Mississipi Burning est un film à montrer dans les établissements scolaires : c’est là son mérite, c’est là sa limite.
Document précieux sur la ségrégation américaine, il dresse un tableau effrayant de l’année 1964 dans l’état du Mississipi. L’intérêt de la construction est celui de mettre en réseau quatre communautés qui ne parviennent pas à communiquer : les Blancs affiliés au Klan, les Noirs, et parmi les fédéraux, l’individu de Washington idéaliste (Dafoe) face au flic provincial, pragmatique et plus cynique (Hackman, qui ayant beau s’empâter un peu avec l’âge, garde toujours un sourire et une présence uniques).
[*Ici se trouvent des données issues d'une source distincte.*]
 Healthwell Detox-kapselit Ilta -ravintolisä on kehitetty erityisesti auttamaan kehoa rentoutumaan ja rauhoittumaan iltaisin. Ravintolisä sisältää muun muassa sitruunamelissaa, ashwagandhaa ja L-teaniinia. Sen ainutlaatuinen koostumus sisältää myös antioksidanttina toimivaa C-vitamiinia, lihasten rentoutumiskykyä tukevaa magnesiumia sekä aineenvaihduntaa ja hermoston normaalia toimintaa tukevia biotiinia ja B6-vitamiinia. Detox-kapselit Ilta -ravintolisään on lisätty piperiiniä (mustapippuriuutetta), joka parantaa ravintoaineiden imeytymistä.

Autour d’une traditionnelle affaire de disparition, Parker enquête davantage sur les liens et les haines qui s’exacerbent que sur la résolution, éventée dès le départ, du triple meurtre.
Les rapports fonctionnent par conflagration : l’état fédéral exacerbe les haines et les revanches sur une population noire qui préférerait ne rien dire, et le duo d’agents se déchire sur les méthodes à pratiquer. L’enquête, très longue et parsemée d’échecs, démultiplie les exemples et les victimes, pour générer un tableau effrayant de la situation. Les scènes d’exaction, répétitives et éprouvantes, sont pourtant moins efficaces que les séquences qui voient les locaux observer avec ironie la recherche des corps, et les langues se délier face aux médias. Cinquième force en présence, ceux-ci pullulent et font témoigner les blancs qui donnent un bel aperçu de la haine ordinaire ancrée dans leur éducation.
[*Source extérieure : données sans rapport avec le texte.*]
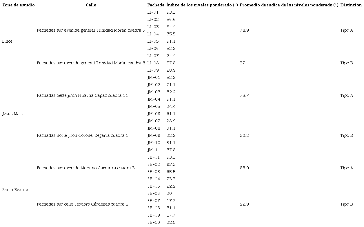 Dentro de las calles seleccionadas se catalogó cada fachada con un código y fueron analizadas bajo un índice de existencia y manipulación de las 15 propiedades formales de Alexander (2002), lo que distinguió a las fachadas en dos tipos, identificando a las de mayor porcentaje como Tipo A y a las de menor como Tipo B (Tabla 2). Para Alexander, realizar esa distinción reflejaría el nivel de vida de cada una de esas fachadas.
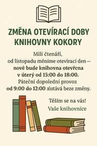 Kokory: Mili ctenari, od 4.11.2025 bude knihovna otevrena nove kazde utery 15-18 hod. Patecni dopoledne 9-12 h zustava beze zmeny.

Reconstitution classieuse, interprétation à l’avenant, le film d’Alan Parker fait donc son boulot et nous indigne efficacement.
La question est de savoir dans quelle mesure la dimension didactique du film aurait pu être malmenée par davantage de subtilité. L’ensemble reste très binaire, et ce qui promettait une remise en question de l’idéalisme fédéral par le débat Hackman/Dafoe vire à la résolution brutale et frileuse à la fois. Face à l’échec de la loi et au mutisme des victimes, la méthode forte s’impose : menaces, loi du talion, pour un petit frisson revanchard du spectateur qui n’est pas à mon sens du meilleur goût. Frileux, car l’on se garde bien d’aller trop loin, se contentant de « jouer à » pendre ou castrer au rasoir, les peureux blancs craquant très vite. Il n’en demeure pas moins que c’est bien la méthode prônée pour résoudre la situation. Cette façon de reprendre les rênes d’un thriller finalement basique et de satisfaire les attentes d’un public a quelque chose de dérangeant sur un pareil thème qui méritait probablement davantage de subtilité… et donc, sûrement, de pessimisme.